08 December 2013

Kisielius Photos

I received a letter from Ronnie the other day with copies of some really great photos! Of them, this one really caught my attention.

Scottish Miners

One of them could quite possibly be my great-grandfather Kazimiras. I'm not certain how old the photo is, or if it is old enough to be from when Kazimiras was still in Scotland (pre-1917), but Ronnie didn't think it was her grandfather Jonas because he was a steelworker, not a miner. I see a resemblance to the guy all the way to the left, but it might just be wishful thinking. I will need to ask Chute when I'm back there next week. Hopefully she will be able to identify him. He was her father so she would know his face, of course, but her vision isn't the best, so I'm not certain she'll be able to see the detail.

Some of the other photos are very interesting too:

Jonas and Magde
(Ronnie's grandparents, Kazimiras' aunt and uncle)

This is the "Mrs Valaitis" that Chute has spoken of
before, with Ronnie's mother Ona.

The other thing Ronnie sent was a photocopy of her grandfather Jonas's Russian army passbook.

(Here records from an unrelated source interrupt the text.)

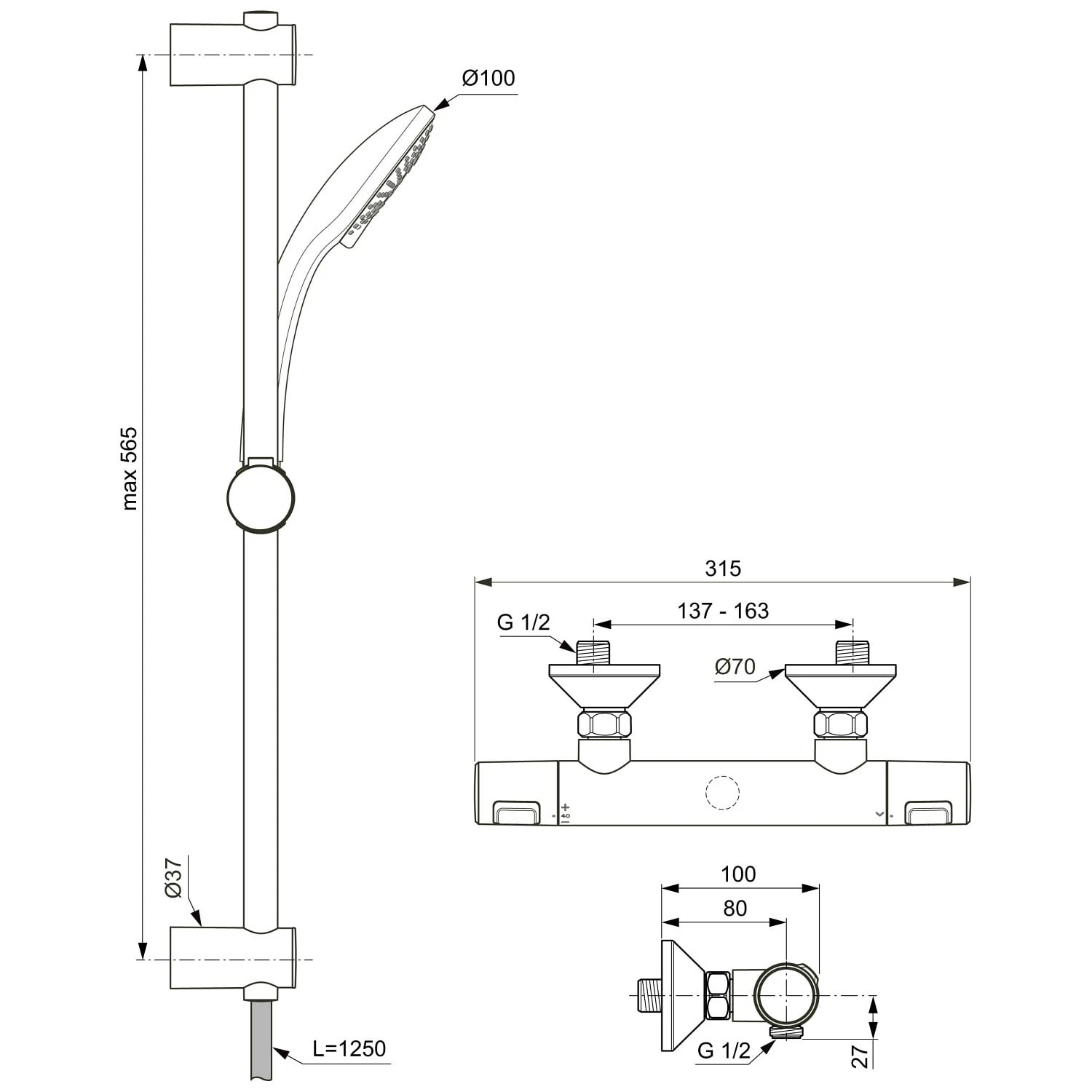 Ideal Standard CeraTherm T25 AP Brausekombination 60 cm mit Thermostat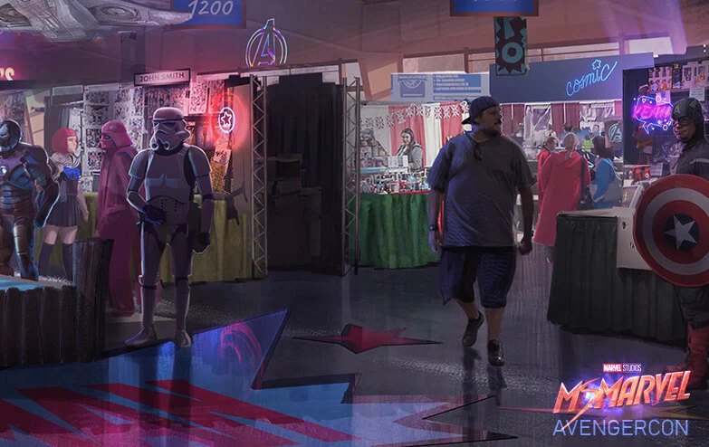 Recientemente ha tenido su culminación, es un detalle perdido del set del primer episodio de Ms. Marvel en la AvengerCon el que ha sido noticia. El set estaba completamente lleno de callbacks, referencias, memes y huevos de pascua de todo el Universo Cinematográfico de Marvel. Gracias a una de las artistas conceptuales, Shae Shatz, también sabemos que se recortaron más cosas.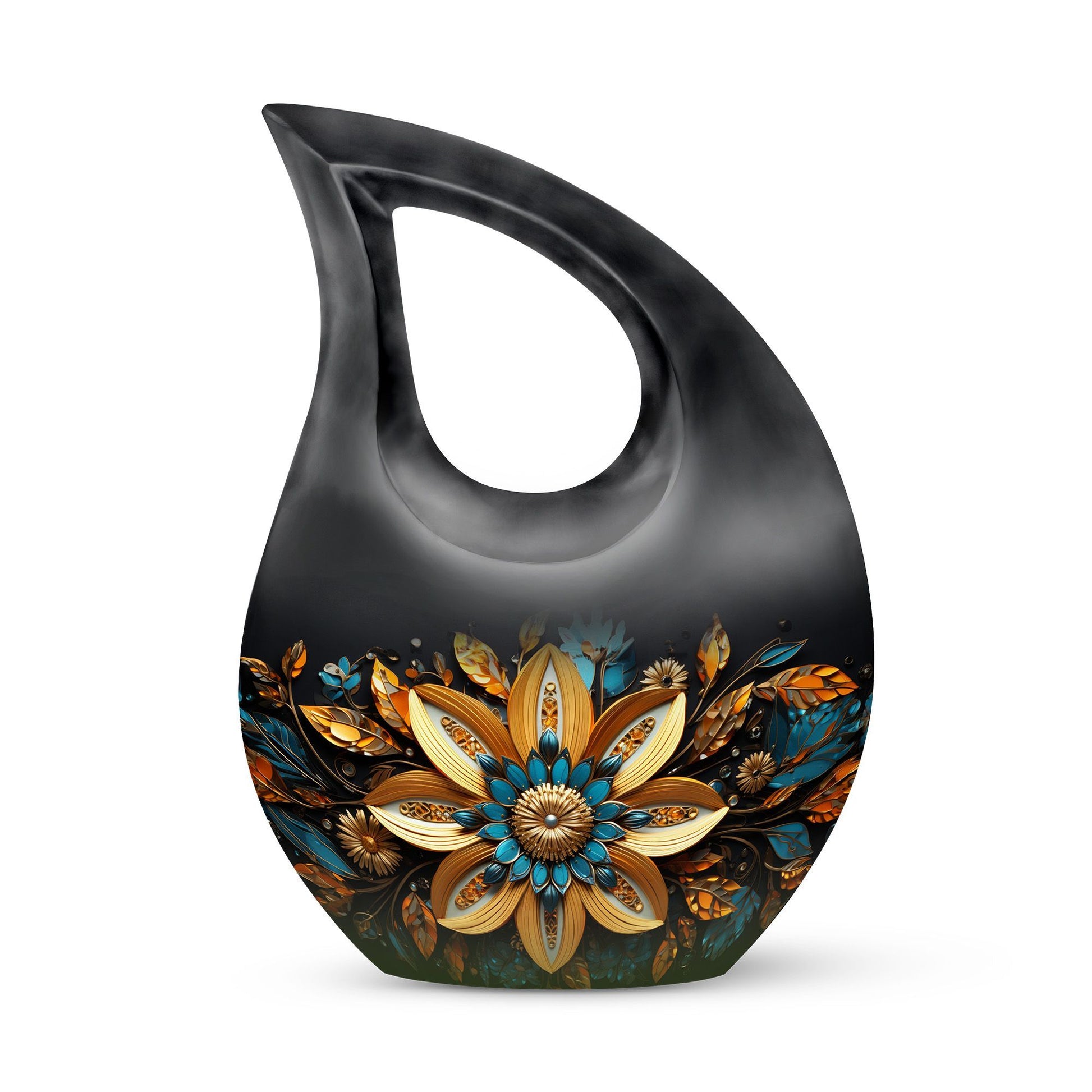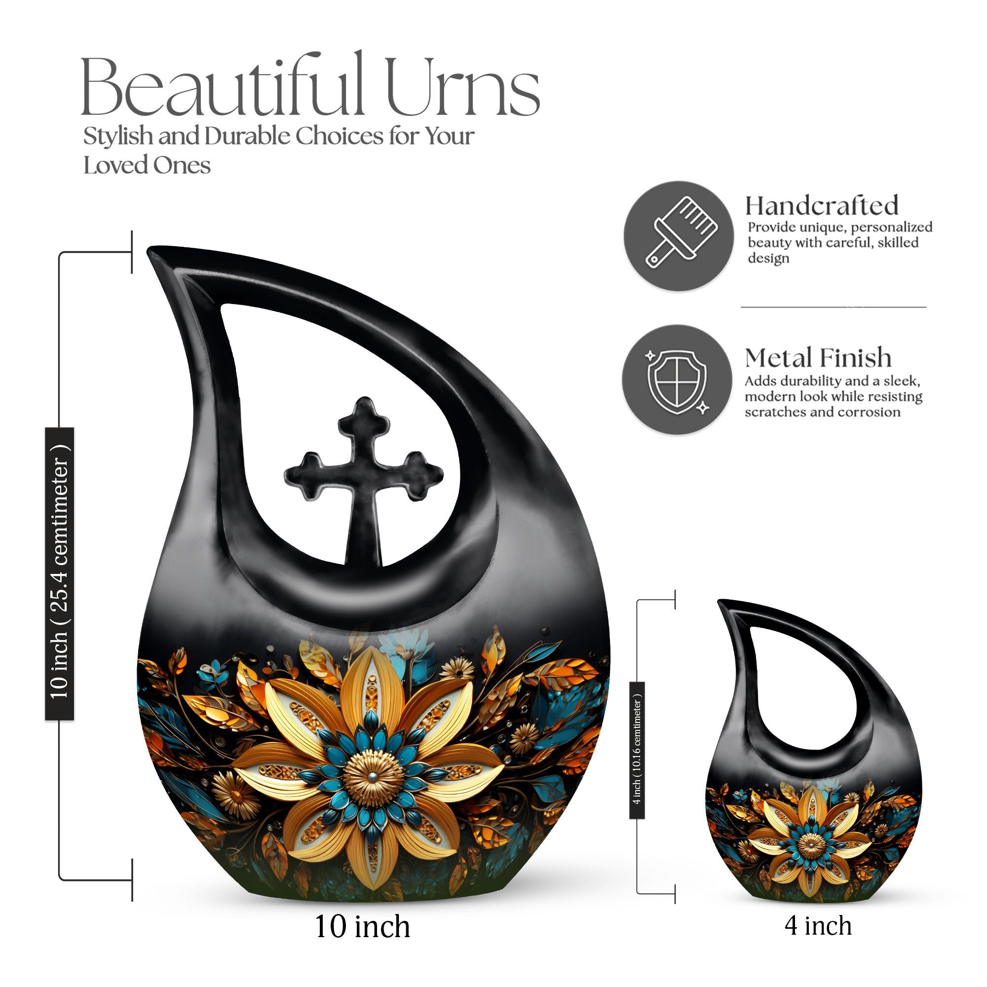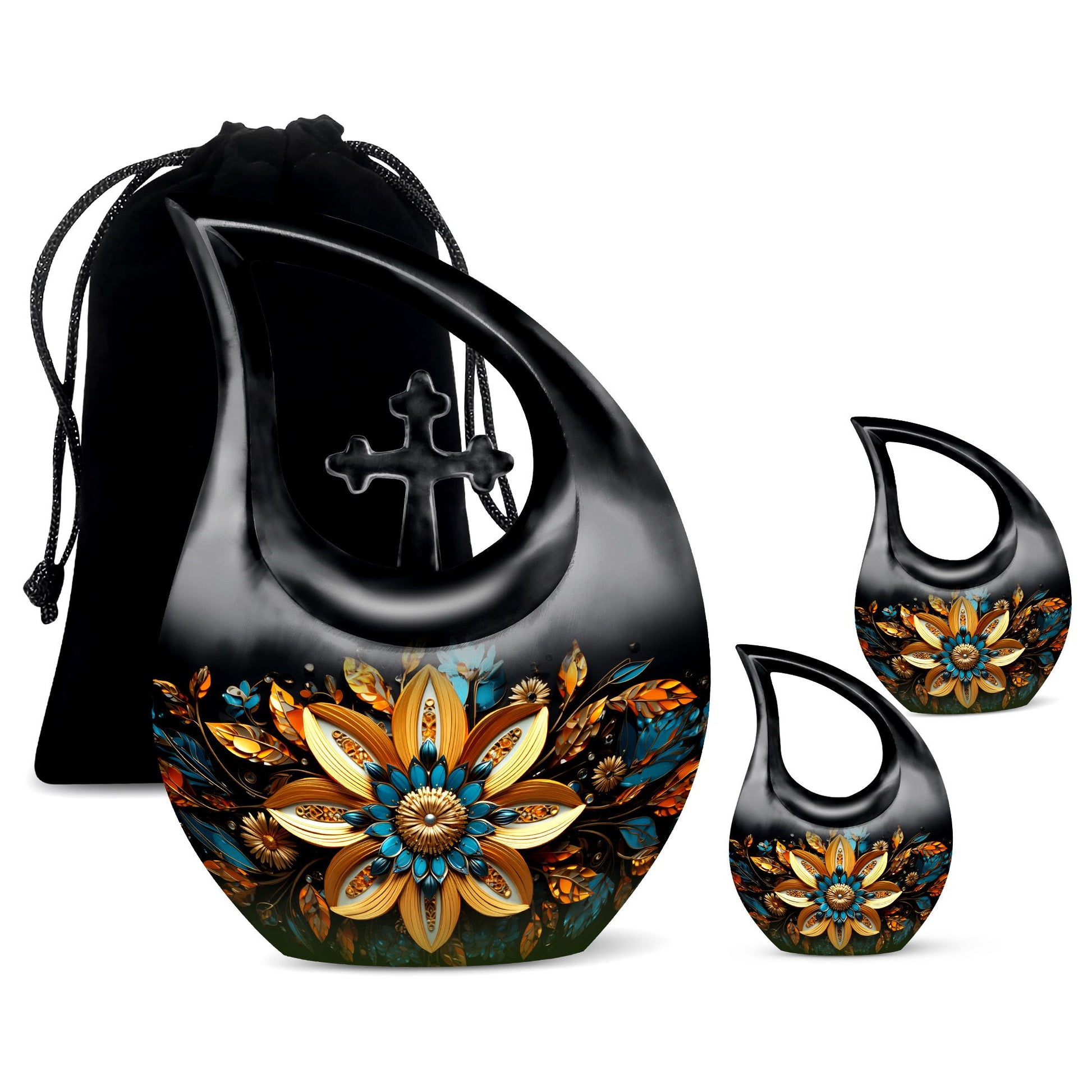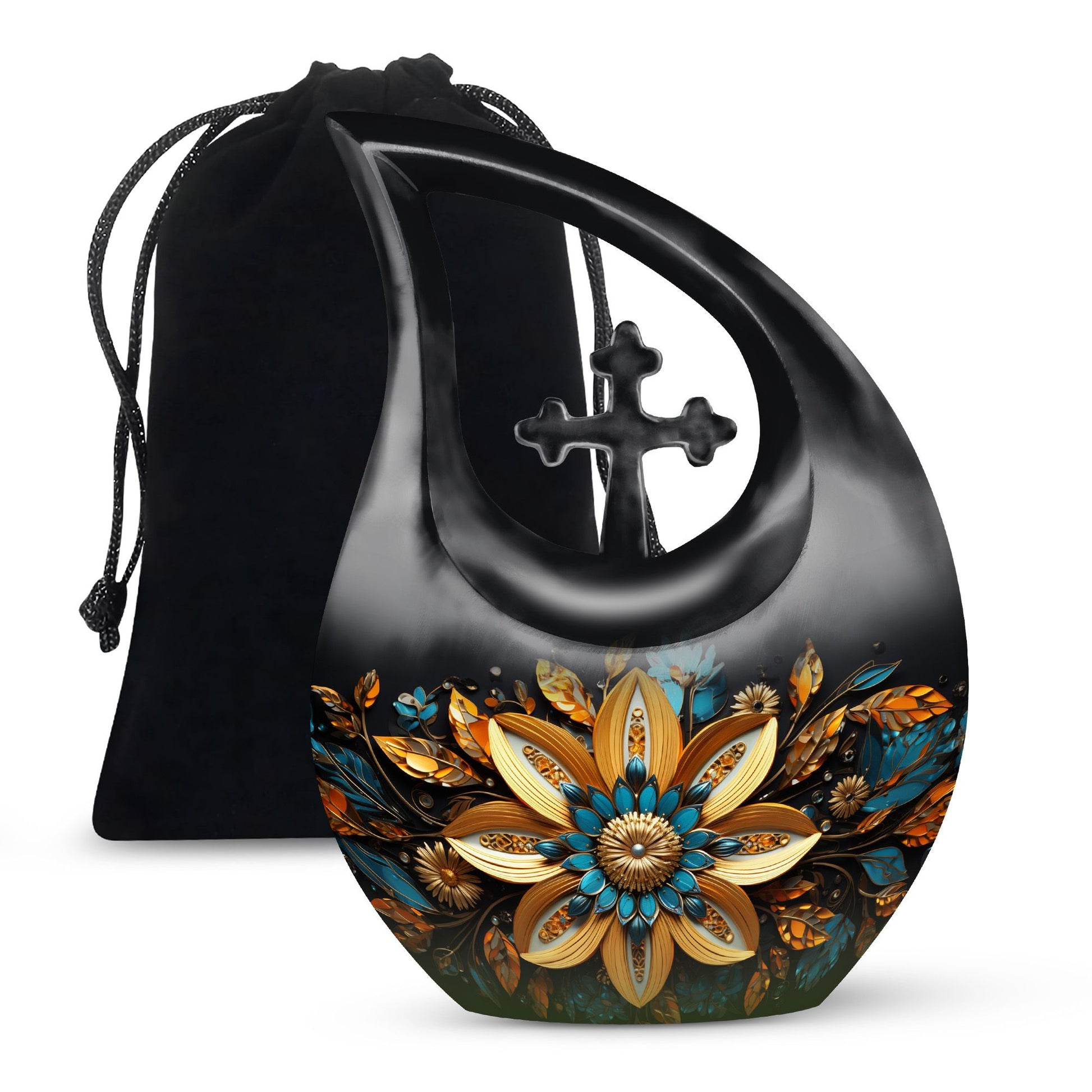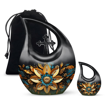 Cherish the memories of your loved ones with our elegant Gilded Petals Urn, a paramount item among large urns designed to serve as dignified full-size urns for human ashes. Measuring 10-inches in height and weighing 3.3 pounds, this aluminium memorial urn is imbued with a theme of Gilded Petals and a distinctive Cross Drop pattern, striking a perfect balance between stately reverence and heartfelt remembrance. Designed to hold up to 200 cubic inches of remains, this commodious memorial box for ashes gives you a purposeful and tangible way to honor the life of a loved one. It even comes with a velvet pouch for secure containment of ashes. Add a personal touch by engraving names on the urn, a tribute that echoes through time. Shop for this item if you're seeking things to put ashes in, or if you're looking for unusual urns or commemorative cremation urns. Let the Gilded Petals Urn embalm your treasured memories while serving as a timeless emblem of passed loved ones.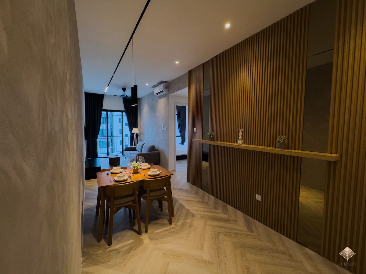 Experience stylish urban living in this elegantly designed Studio, where modern comfort meets serene ambiance & city charm. Situated in a peaceful yet vibrant neighbourhood, it offers a retreat while being close to airport, malls & City Center. Ideal place to relax&recharge, enjoy the panoramic Kuching City view from your private balcony. This studio w/ kitchen can accommodate up to 3pax, perfect for couple, business traveller & family. ★ Complimentary Parking (subject to availability)&Pool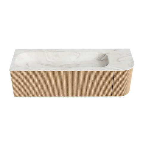 MONDIAZ KURVE-DLUX 145cm badmeubel met module 25 R kleur Oak met 1 lade en 1 deur. Wastafel BIG LARGE links 1 kraangat kleur Ostra.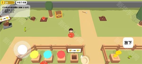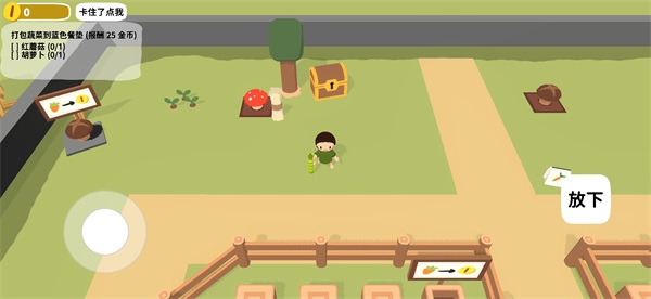 1、进入游戏如图,玩家首先需要根据左上方任务提示,拾取一个红蘑菇到蓝色桌垫上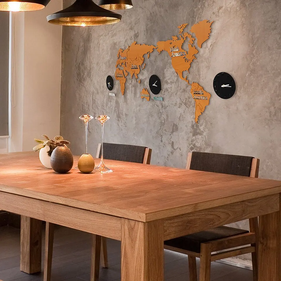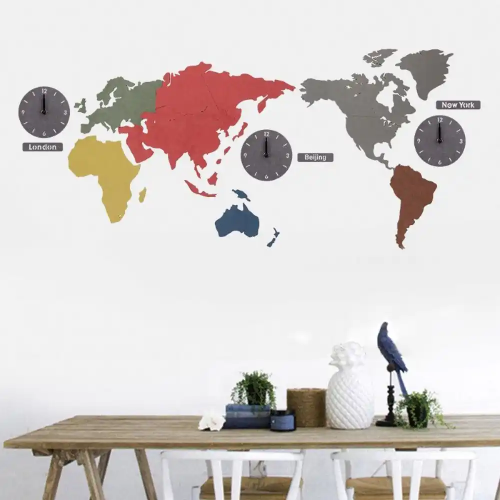 Multi Time Zone Wall Clock Color Wooden Printing Silent Quartz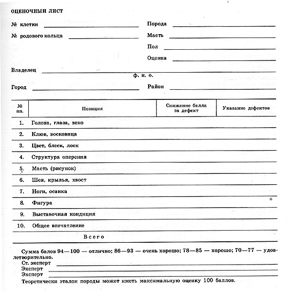 Подобные формы оценки со специфическими пунктами и расценкой имеются, например, для английских летных типлеров и харьковских мастных (цветных) голубей.

It has some English translations, but I will need to get some help translating the rest. It is from a time before WWI, not from when the Lithuanians in Scotland were deported under the Anglo-Russian Military Convention. Jonas would have been old enough to be exempt by then.

Jonas's name in Russian was apparently "Ivan Peter Kisiel"
He enlisted in 1889 and served until 1904.

This page shows that he had checked in at the Imperial Russian Consulate
in Glasgow in June 1916. I wonder if this is a sign of the preparations being
made for the Anglo-Russian Military Convention that went into force the
next year.

I found the passbook particularly interesting because, had my great-grandfather had such documentation when he was deported, it would have been his ticket back to Scotland after the War.* After the Lithuanian immigrants were sent from Scotland to Russia, they weren't allowed to come back if they couldn't "prove loyalty". Some had been involved with the Red Army at the start of the Bolshevik Revolution. If they couldn't produce a White Army passbook, they were suspect.

Digital copies of the photos and passbook are here:


* I should note that I don't yet have confirmation that Kazimiras was, in fact, deported under the 1917 Convention. But I am confident that he was.